**Task directions**
Your answer should hold only the lines from the one with "Your data is" through the end of the records, repeated exactly and minus any pictures.

(Beginning of Data)

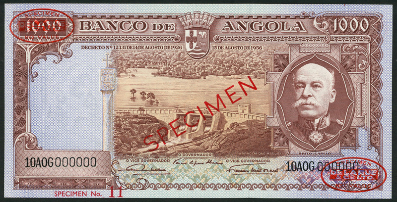 Banco de Angola, a set of specimens of the 15 August 1956 issue comprising 20 Escudos, serial number 1VA000000, lilac, Porto at right, reverse gazelles, 50 Escudos, serial number 20BO 000000, green, Carvalho at right, reverse wildebeest, 100 Escudos, serial number 10Un000000, blue, Pinto at right, reverse purple, elephants, 500 Escudos, serial number 10AN00000, red, Ivens at right, reverse, rhinoceros, and 1000 Escudos, serial number 10AOG000000, brown, Capelo at right, reverse grey, sable herd, all overprinted SPECIMEN in red or black with two De La Rue Specimen ovals on obverse and reverse
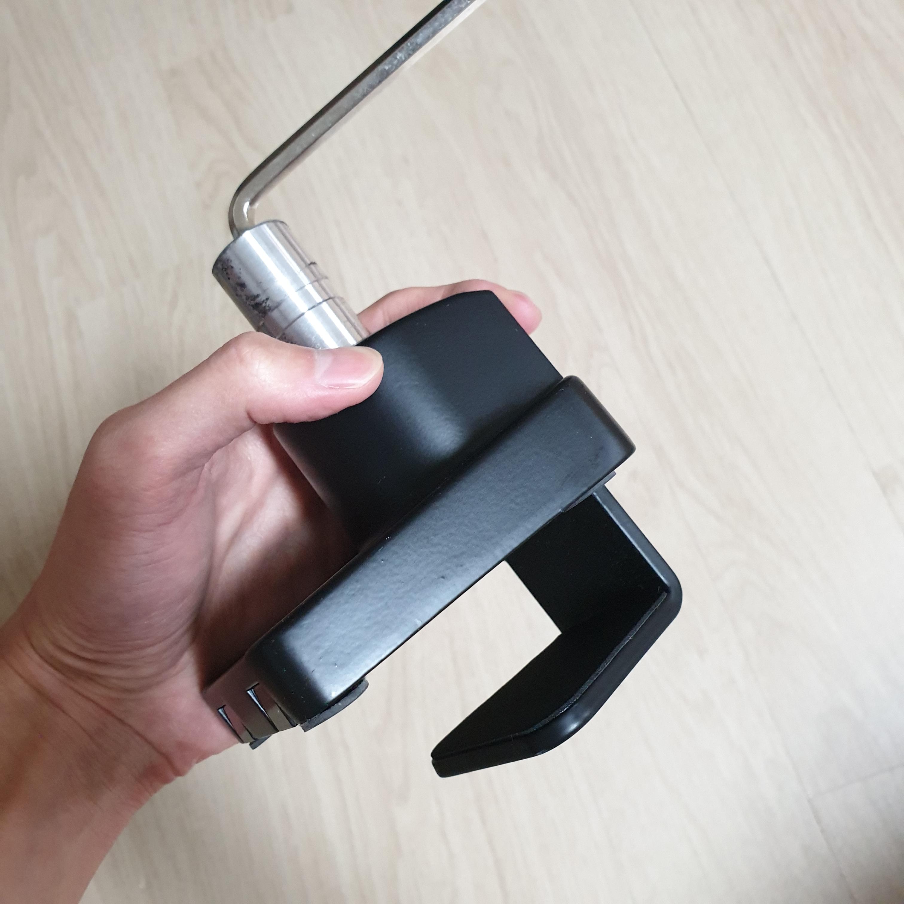 여기서 주의할 점이, 모니터를 지지해야 한다고 너무 무리해서 조이지 말아야한다. 나는 괜히 튼튼하게 한다고 너무 꽉 조여놨더니 나중에 보니까 책상 나무가 일그러져 있더라... 자리를 옮긴 뒤에는 적당히만 고정해놨는데 사용하는 데 아무 지장 없다.
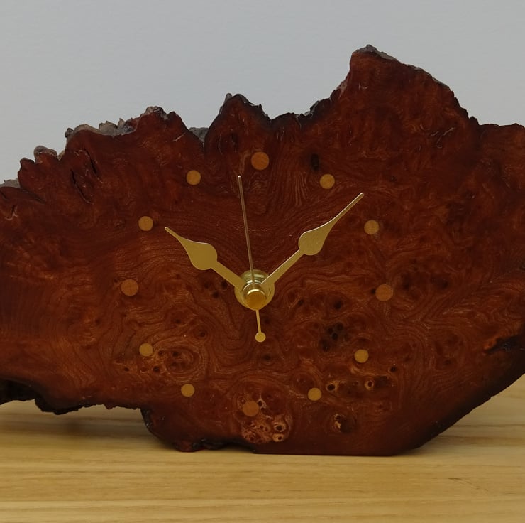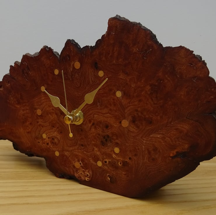Having previously made a wall clock for my house from a similar burr, I knew that the wood has a fantastic grain pattern, and the piece has a gnarly shape which lends itself to a clock.
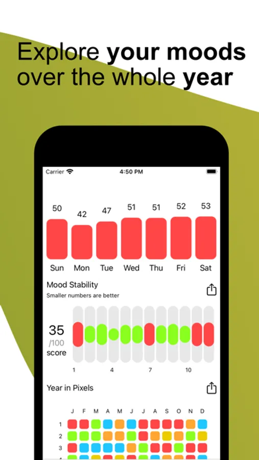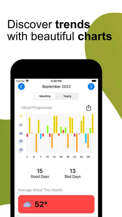Your data is your own! Your mood data is stored on your device to make sure that no one can snoop on your moods. iCloud sync is also available to securely synchronize your data between all of your devices.
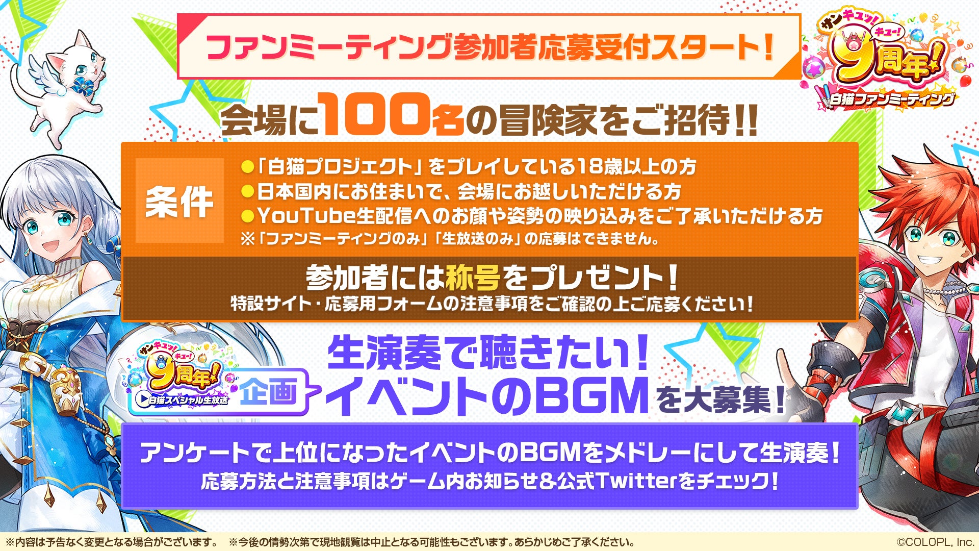『白猫』9周年を前にみんなで楽しむファンミーティングの参加者応募を現在受付中です。
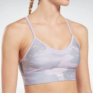 Find Another Gear In Your Most Challenging Workouts. This Reebok Sports Bra Is Designed For Low-Impact Workouts Like Pilates Or Barre. It Has A Flattering V-Neck And Removable Pads For Personalized Coverage. A Brushstroke Effect Gives The Camo Print A Distinctive, Modern Look.
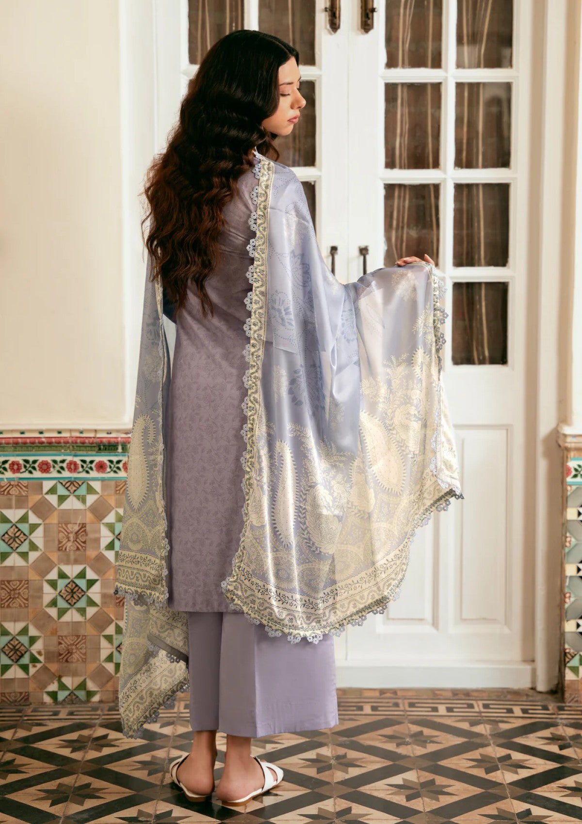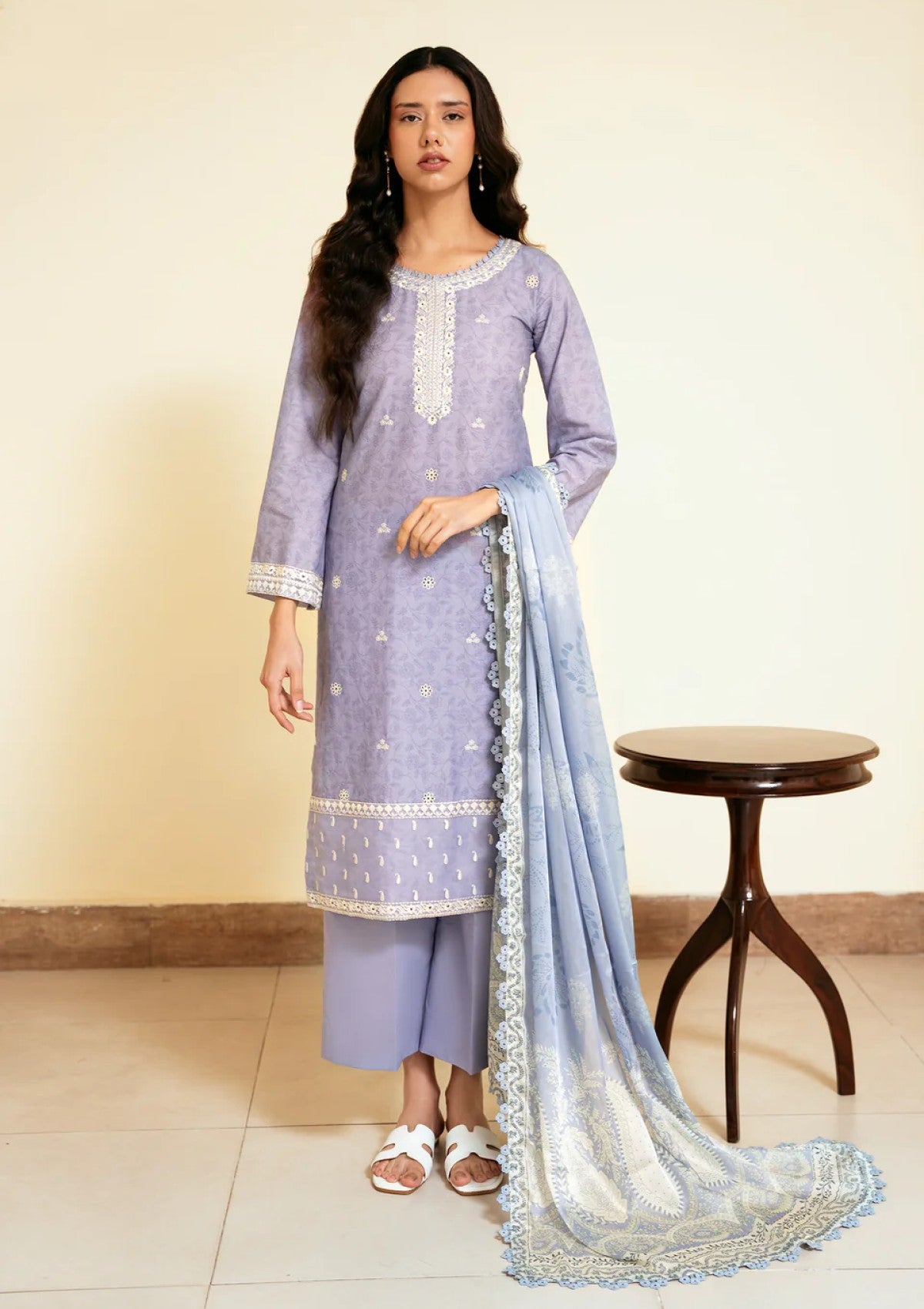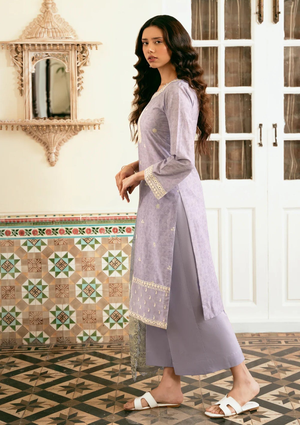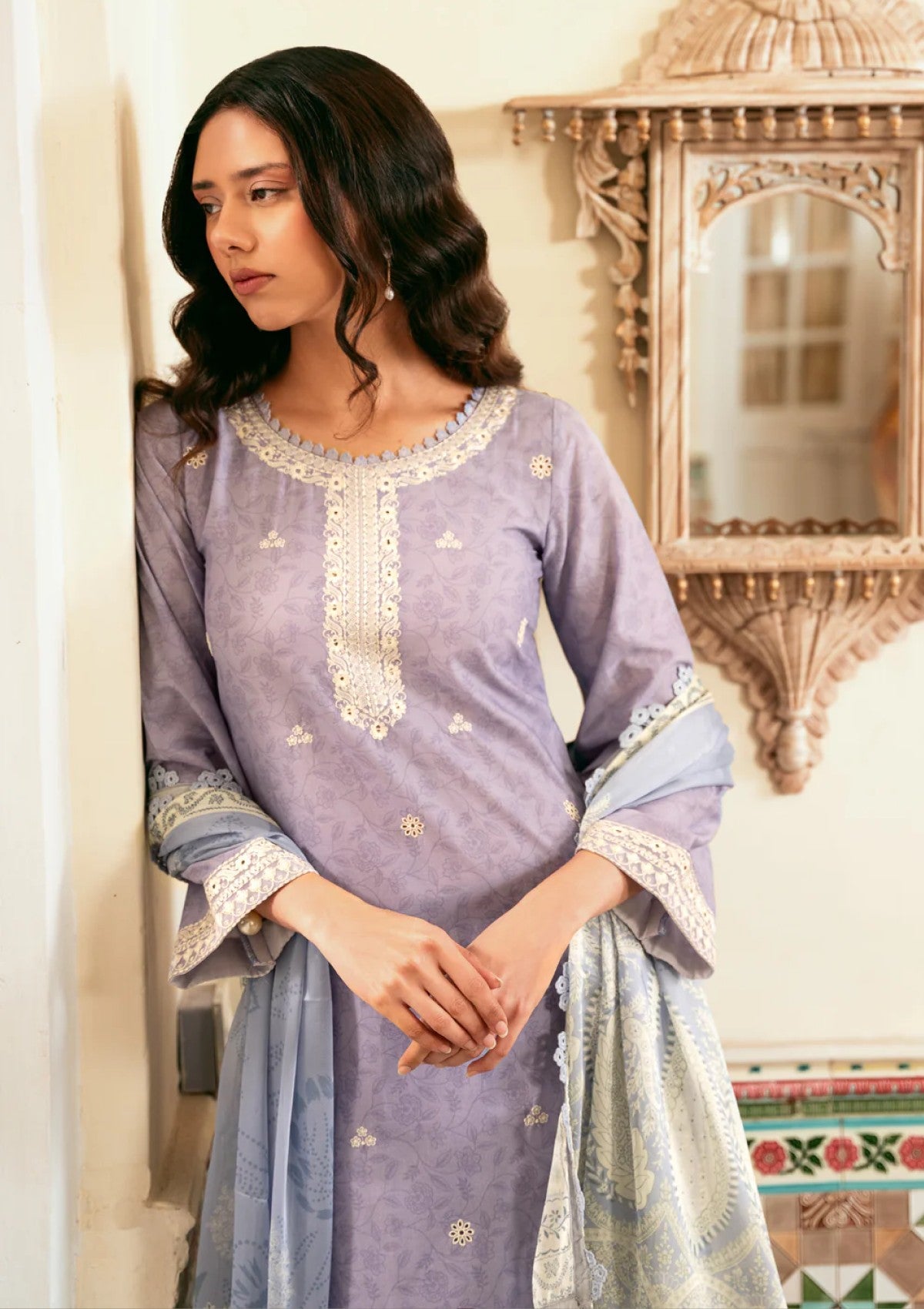 The shirt carries a printed soft lavender base with delicate embroidery along the neckline, sleeves, and hem, paired with a dyed lavender trouser. A contrasting powder blue silk dupatta with paisley prints.

(End of Data)

**Response**
Your data is your own! Your mood data is stored on your device to make sure that no one can snoop on your moods. iCloud sync is also available to securely synchronize your data between all of your devices.
『白猫』9周年を前にみんなで楽しむファンミーティングの参加者応募を現在受付中です。
 Find Another Gear In Your Most Challenging Workouts. This Reebok Sports Bra Is Designed For Low-Impact Workouts Like Pilates Or Barre. It Has A Flattering V-Neck And Removable Pads For Personalized Coverage. A Brushstroke Effect Gives The Camo Print A Distinctive, Modern Look.
 The shirt carries a printed soft lavender base with delicate embroidery along the neckline, sleeves, and hem, paired with a dyed lavender trouser. A contrasting powder blue silk dupatta with paisley prints.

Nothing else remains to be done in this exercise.